VR Blink Detection

In December 2015 I was invited to Granada Gaming, a Video-games festival held in my home town, to talk about VR and my interaction experiments. Very exciting times!

I had to give two talks: the first one was oriented to all the professionals (coders, artists, journalists) where I explained some of the decisions I took while creating Apnea (my always in-progress  videogame). The second talk was for a general public and for this one I wanted to talk about something that seems to concern a lot of people: VR limitation and why FPS won’t work very well at the beginning.

I won’t cover the whole talk here as many of the interaction experiments showcased can be found already in the “VR Wireless” post and my github page, but I created something I thing is a cool hack to solve one of the main trends in VR movement: the blink transition.

Blink transition

Moving the FPS way in VR with a gamepad causes nausea to pretty much 45% of the players (nDreams CEO dixit) so companies are coming up with a lot of creative solutions to workaround this problem.

One of the main solutions is called blink transition, and it has been popularised by great experiences such as Epic’s Bullet Train and GearVR game Land’s end.

With this solution you basically look at the point where you want to move and just press a button that will teleport you there. This transition sometimes happen by closing and opening virtual eyes in front of the user or simply lerping him there really fast.

While it’s true that this technique usually does not cause any nausea it is a big presence breaker for me: looking at a point and pressing a button to suddenly be there is not a very natural way of moving… how could I improve it?

Blink detection

What if I could detect if the user is truly blinking? Instead of closing some fake eyes in front of the player and having to press any button it will feel like a super power, think about NightCrawler from the X-men. This will suddenly make the movement system way more natural and amazing, improving the presence factor a lot while being more enjoyable and comfortable.

Some experimental HMDs are starting to support eye tracking, the most notorious one being the FOVE HMD: if you can track the user’s eye it has to be trivial to detect if it’s closed. But all I had in my hands was a GearVR for Galaxy Note 4, some hacking was needed.

I realised that the GearVR has some covers in the front to prevent scratching the phone when attached. If you remove any of this plastic-covers.. voilá! there is a screw!

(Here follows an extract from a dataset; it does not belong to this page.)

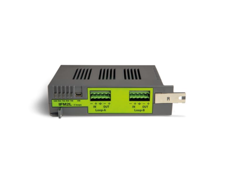 ULTERIORI CARATTERISTICHE: Ciascun loop è in grado di gestire fino a 240 dispositivi. Il modulo contiene un alimentatore switching step-up per ogni Loop in grado di mantenere la tensione di esercizio (in condizioni di allarme o di stand-by) ai valori impostati. Ogni centrale gestisce un massimo di 8 moduli IFM2L.

Front facing you, the top right screw just happens to be exactly inlined with the Note 4’s front camera! I inspected the Galay S6 GearVR and seems to be the same case. What a lucky coincidence!– I thought – if only I could use this camera to track the user’s eyes…
Then a new idea came to my mind: I don’t need to track the eye, I just want to know if it is opened. When you look at someone’s eyes they happen to reflect a lot of light, but when you close them your skin is not near as reflective.

If I create a very bright scene my eye will reflect a lot of light and maybe some will reach the front facing camera. But that was not the case, the camera (even thought I removed the screw

right in front of it) was still too far away and angled to read this subtle amount of light. A visit to the store will solve this: 10 cm (2£) of optical-fibre: If I put one end in the screw’s hole facing directly the camera and the other end facing the eye I can redirect the light from the screen to the eye to the cable to the camera!

The camera end of the cable
The eye end

All that rested was to create an ultra-simple script that will read the amount of light received: just add the value of all pixels and check if it’s higher than a threshold. Thanks to Unity and Android I can control the resolution and discovered than using a 20×20 texture was good enough so the calculation was lightning fast… even detecting the fastest blink. For obvious reasons I set that the eye had to be closed for around 500ms or the user will be travelling surely more than desired.

Here is a video. The black square is the camera input, you can see the amount of light received (multiplied by a very very big factor) and how it becomes pretty much black when I close my eyes:

My last problem was with Android 4.4.4 and the camera sensitivity. It seems that they added some enhancements in Android 5, but with my version I could not control the shutter, so sometimes it was not sensitive enough to read the light. The solution i quite lame, just sightly remove the phone from the HMD (while keeping the USB connected) so a lot of light comes inside the camera this will adjust the shutter from you and everything will be fine!

This was so simple/cheap to do  (and so useful!!) that I would love future HMDs to come at least with some sort of blinking detection. VR movement sure is an interesting problem and when deciding between presence or not-sickening every little can help.